If this is not possible, the OS will simply refuse to start the program with an error message.
... asking the OS to allocate memory when running the executable?
For variables on the stack:
There may be operating systems where this is done.
However, in most cases, the program will simply crash with a "stack overflow" if too much stack is needed. In the example, this would mean: The program crashes if an elements myvars[x] with x>=MAX_LOCALS is accessed.
Now taking the context of heap allocated variables ...
Please first note that global variables are not stored on the heap.
The heap is used for data allocated using malloc() and similar functions (new in C++ for example).
Under many operating systems, malloc() calls an operating system function - so it is actually the operating system that allocates memory on the heap.
... and if there is not enough space, the OS (and malloc()) will return NULL.
Does the compiler generate a logical address for the variables? If yes, then how?

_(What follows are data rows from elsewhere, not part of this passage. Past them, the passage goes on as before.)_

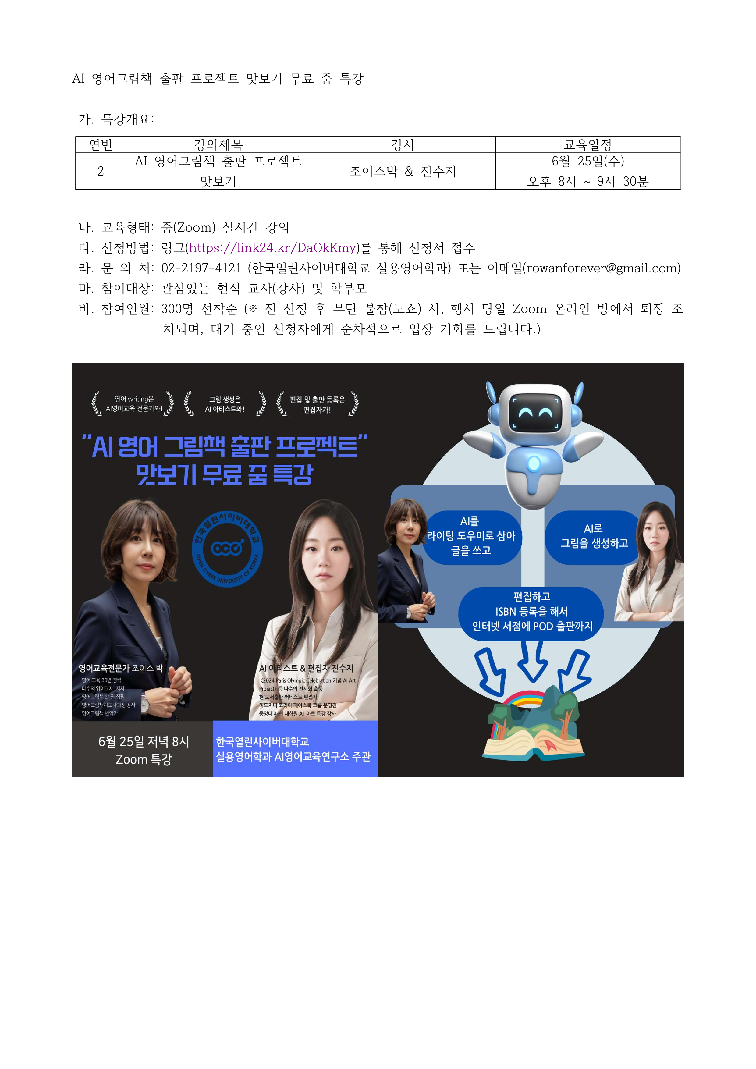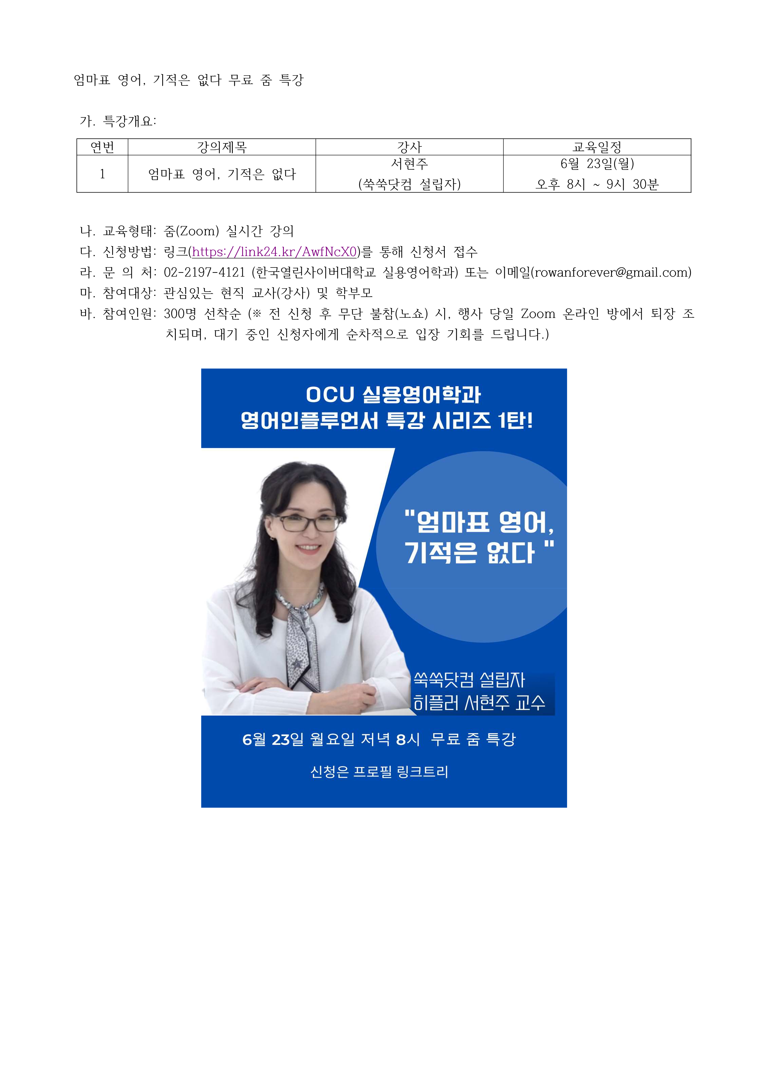 한국열린사이버대학교 평생교육원 무료 특강 안내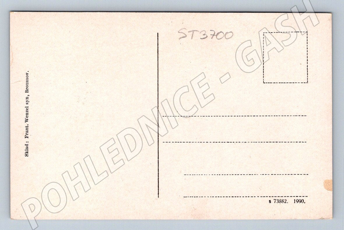 Original old postcard with the motif of the Adršpach Rocks and the formation called Jeptiška. The postcard dates from the first half of the 20th century. On the front side there is a color photograph of the famous rock formation surrounded by forests. The back side is unwritten, with a classic pre-printed address line. Publisher: Frant. Wenzel syn, Broumov. The postcard is in very nice collector's condition, suitable for a collection or as a decoration with a regional theme.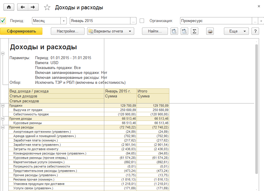 Комплексный анализ всех доходов и расходов компании в разрезе статей выполняется на основе отчета Доходы и расходы.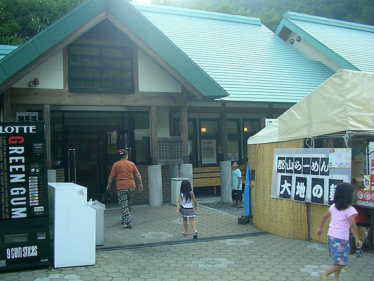 福島県の道の駅「たじま」 メイン駅舎の入口。休憩よりも物販に力を入れている駅だ。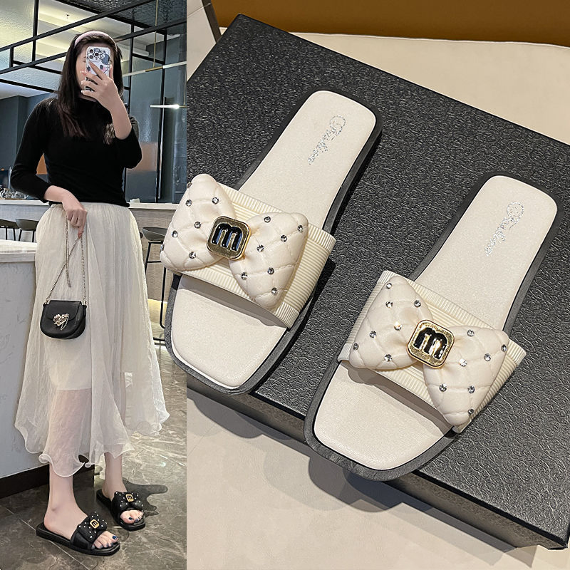 winter Bow Linen Slippers for Women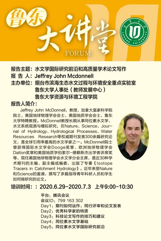 鲁东大讲堂丨高质量学术论文写作和水文学国际研究前沿(系列报告)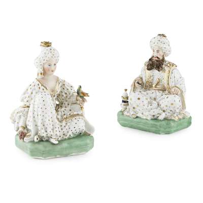 modelled as a seated sultan with a hookah pipe and sultana with a bird, with matched stoppers to the openings in their turbans, in white and gilt costumes on green canted bases, with maker's marks (2)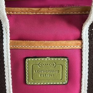 Add a pop of vibrant color to your wardrobe with the Coach Hot Pink Nylon Mini Hampton Tote. This eye-catching bag features durable hot pink nylon, accented with camel leather trim and lime green leather handles on off white and brown woven cotton straps for a playful yet sophisticated look. The compact design makes it perfect for daily errands or a casual outing, while the vinyl interior offers enough space to hold your essentials. Finished with Coach’s signature detailing and a practical zip-top closure, this mini tote combines style and function effortlessly.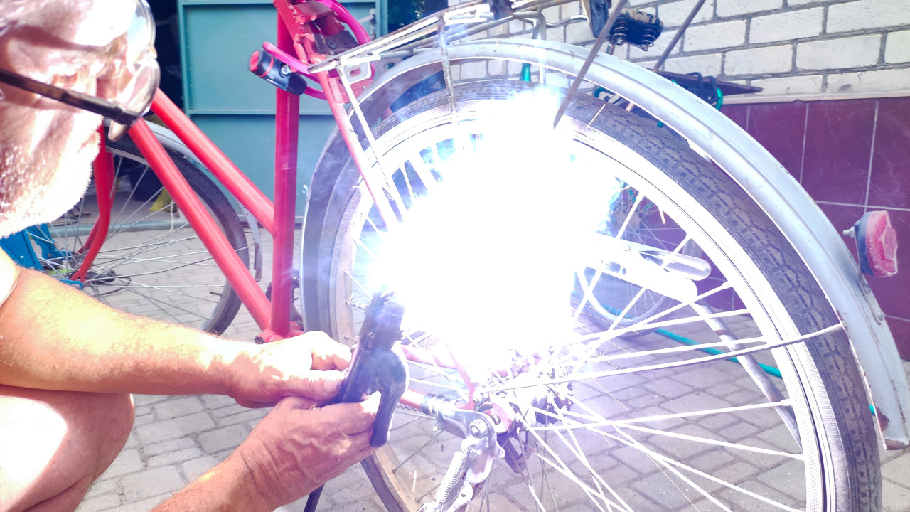 транспорт велосипед велоремонт ремонт ремонт велосипеда велосипедный багажник крепление металл металлоконструкция сварка сварочные работы ремонт металла металлообработка ручной труд инструмент дуговая сварка электросварка вспышка сварочная дуга искры дым электрод электрододержатель защитные очки техника безопасности мастер багажник сварка багажника крепёж опоры багажника соединение металла заднее колесо спицы обод крыло двор тротуарная плитка кирпичная стенаПохожие фотографии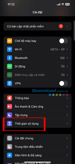 Bước 1: Mở Cài đặt và chọn Thời gian sử dụng.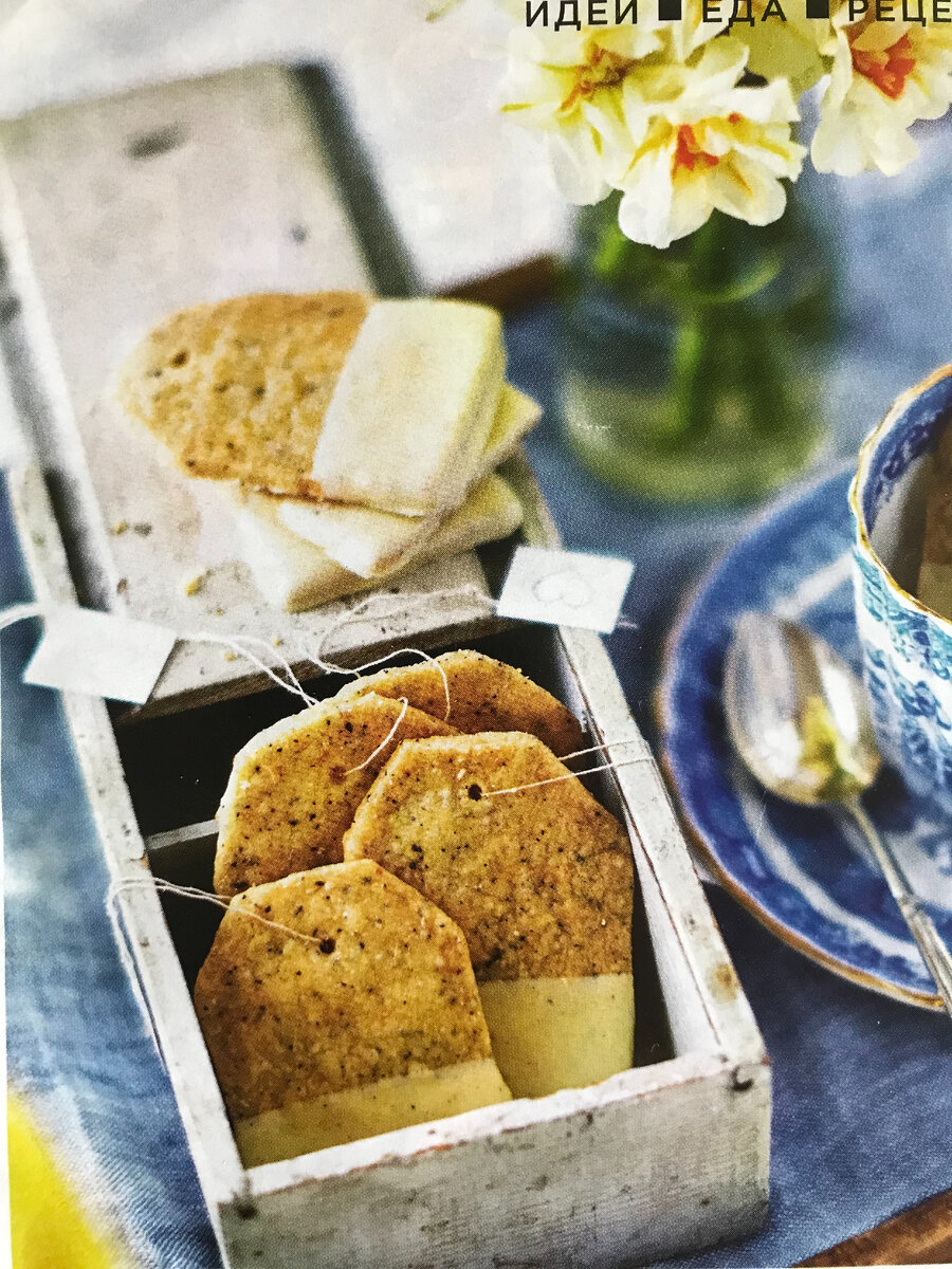 Давно хотела испечь это печенье по рецепту журнала "Домашний очаг", и вот наконец-то это сделала. Поделюсь результатом, своими впечатлениями. Зацепило меня в рецепте креативное оформление и использование чая с бергамотом. Очень люблю запах, вкус бергамота. Сразу скажу, что печенье получилось потрясающе вкусное и очень нежное. Тесто делала по рецепту (+ добавила ещё к лимонной цедре и апельсиновую). Тесто формируется хорошо и без блендера в шар, получается мягкое, эластичное. Чтобы было легче работать, холодное масло натереть на тёрке, окуная его в муке. Чтобы сделать из него форму чайных пакетиков лучше раскатывать на пергаменте и всё-таки предварительно охладить. Тесто очень нежное. Я решила сделать по-другому (не люблю кучу обрезков, спасовала)и чтобы легко ему придать нужную форму, выложила в небольшую прямоугольную форму с антипригарным покрытием, завернула в пищевую форму и убрала в морозилку на 20 минут. Так оно легко резалось фигурным ножом. Форма хорошо держится, печенье

Yes, but they are related to the stack pointer at function entry time (which is normally saved as a constant base pointer, stored in a cpu register) This is because the function can be recursive, and you can have two calls to the function with different instances for that variable (and related to different copies of the base pointer), the compiler assigns the offset to the base pointer for the variable, but the base pointer can be different, depending on the stack contents at function entry time.
Won't the compiler need OS permission to generate or assign such addresses?
Nope, the compiler just generates an executable in the format and form needed for the operating system to manage process' memory. When the program starts, it is given normally three (or more) segments of memory:
text segment. A normally read-only (or execute only) segment that gives no write access to the program. This is normally because the text segment is shared between all programs that are using the same executable at the same time. A program can demand exclusive read-write acces to the text (to allow programs that modify their own executable code) but this happens only rarely. This is normally specified to the compiler and the compiler writes an special flag in the text segment to inform the kernel of this requirement.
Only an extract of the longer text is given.